Marriages are romanticized in all parts across the globe. This is probably the reason why, breakdown of a marriage is looked upon with so much more regret and remorse. It is considered to be something fateful. 

However, the Indian legislature has been wise enough to include provisions to minimize the impact of negative adverse consequences, by including provisions for enabling reconciliation among the couple. As a result, a couple residing in Coimbatore, can resolve their differences without the need for divorce lawyers in Coimbatore. This blog aims to focus on the various provisions under personal laws in India, which provide for reconciliation of marriage. 

The very first obligation of the district or family court, after receiving a divorce petition is to look for possibilities of reconciliation. Under Section 9 of the Family Courts Act, 1954, makes it mandatory upon the court, in the first instance itself, to attempt to reconcile the differences between a divorce-seeking couple. 

Even the Law Commission of India, in its 59th report (1974) emphasized upon the fact that in matters related to the family, the court’s first instinct should be to arrive at an amicable settlement, instead of choosing to give a literal interpretation of the stringent rules of procedure, otherwise applicable to ordinary civil proceedings. 

Section 23 (2) of the Hindu Marriage Act, 1955 reads as under:

“Before proceeding to grant any relief under this Act, it shall be the duty of the court in the first instance, in every case where it is possible so to do consistently with the nature and circumstances of the case, to make every endeavour to bring about a reconciliation between the parties.” 

Order XXXII A of the Code of Civil Procedure, 1908, which was amended in 1976, inserted the following provision under Rule 3:

“(1) In every suit or proceeding to which this Order applies, an endeavour shall be made by the court in the first instance, where it is possible to do so consistent with the nature and circumstances of the case, to assist the parties in arriving at a settlement in respect of the subject-matter of the suit.

(2) If, in any such suit or proceeding, at any stage it appears to the court that there is a reasonable possibility of a settlement between the parties, the court may adjourn the proceeding for such period as it thinks fit to enable attempts to be made to effect such a settlement.” 

In the matter of Santhini v. Vijaya Venkatesh , the Supreme Court observed that:

“The role of a counsellor in Family Court was basically to find out what was the area of incompatibility between the spouses, whether the parties were under the influence of anybody or for that matter addicted to anything which affects the normal family life, whether they were taking free and independent decisions, whether the incompatibility could be rectified by any psychological or psychiatric assistance etc. The counsellor also assists the parties to resume free communication. Essentially, the counsellor assists the parents to shed their ego and take a decision in the best interest of the child.” 

Section 9 of the Hindu Marriage Act, 1995, provides for the remedy of restitution of conjugal rights.

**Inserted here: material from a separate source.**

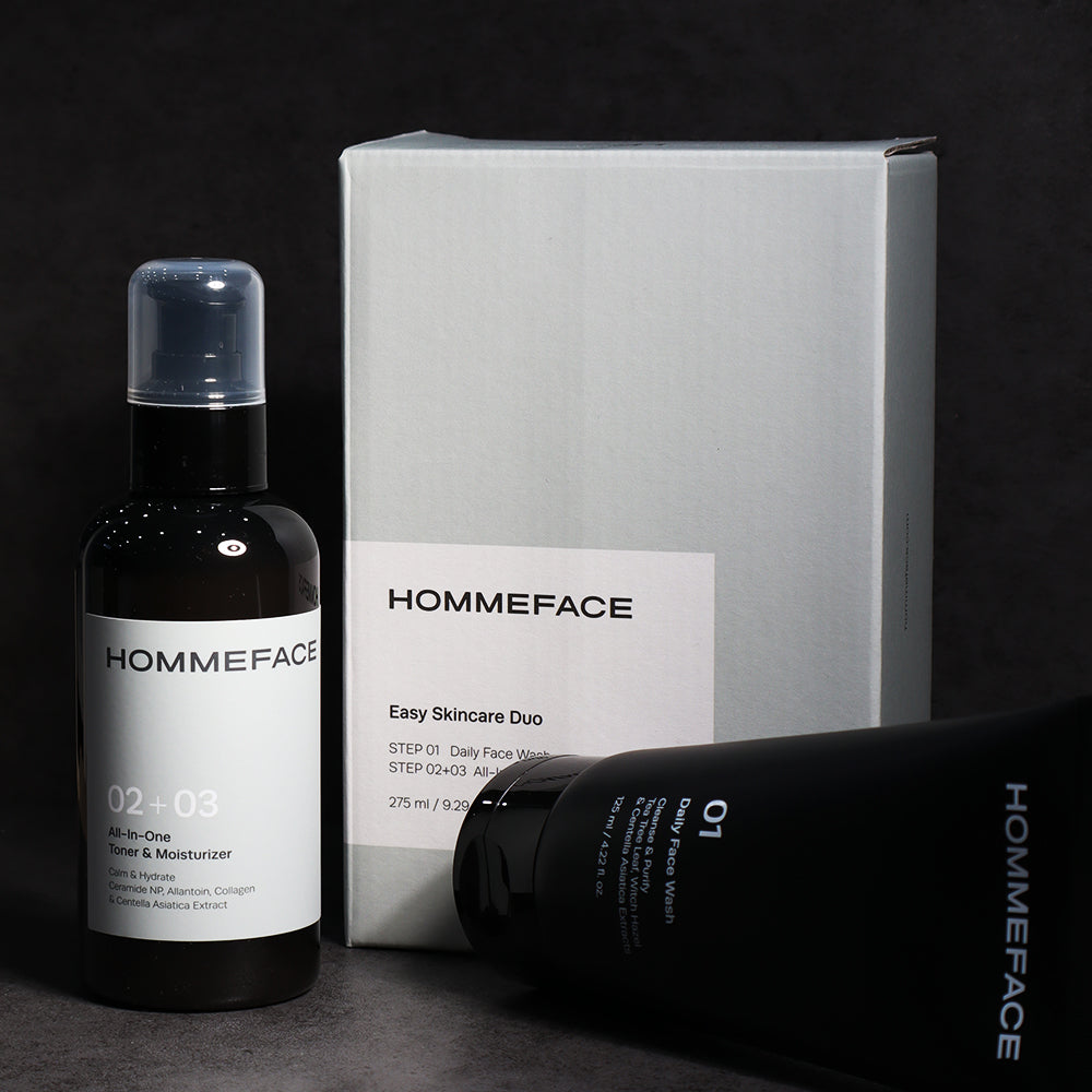 The Easy Skincare Duo is formulated with Collagen, Ceramide, and Centella Asiatica extract for maintaining moisture balance, removing excess oil, and reducing the appearance of enlarged pores. Hyaluronic Acid intensely hydrates, reducing the look of fine lines and wrinkles.

When one of the spouses in a couple, deserts the matrimonial home without any reasonable cause, the other spouse can apply for a decree ordering restitution of conjugal rights. 

However, the caveat attached to the above mentioned provision is that the court must form a subjective opinion by applying its judicial mind to the particular case, regarding the possibility of reconciliation. For example, in a case of contest divorce, one of the spouses is claiming to be a victim of torture and cruelty, with sufficient evidence to prove the same, the court should not probably not push for reconciliation, as doing the same would only result in subjecting the person to more abuse and suffering, amounting to a failure in serving justice. 

The Code of Civil Procedure, 1908, also contains a general clause for amicable settlement of all kinds of disputes with the aid of quasi courts known as Lok Adalats. They consist of a government mediator, which helps the parties arrive at a win-win solution for both. The court then, only enforces their agreement. 

Several women’s organisation and not for profit organisations have also set up their own centers for reconciliation of marriage disputes. Apart from these methods, there always exists the alternative of private dispute resolution by mediation or negotiation and couples who can afford these methods, often give priority to hiring private mediators. 

As is evident from the above described paragraphs, there exist a lot of legal provisions and case laws, enabling reconciliation between couples. Also, there exist both private and public, institution that have specialized centers for the same.

Therefore, we can safely conclude that, marriages might be made in heaven by the Lords of the universe, however, it is the Lords of a nation that make sure, they don’t fall apart on Earth.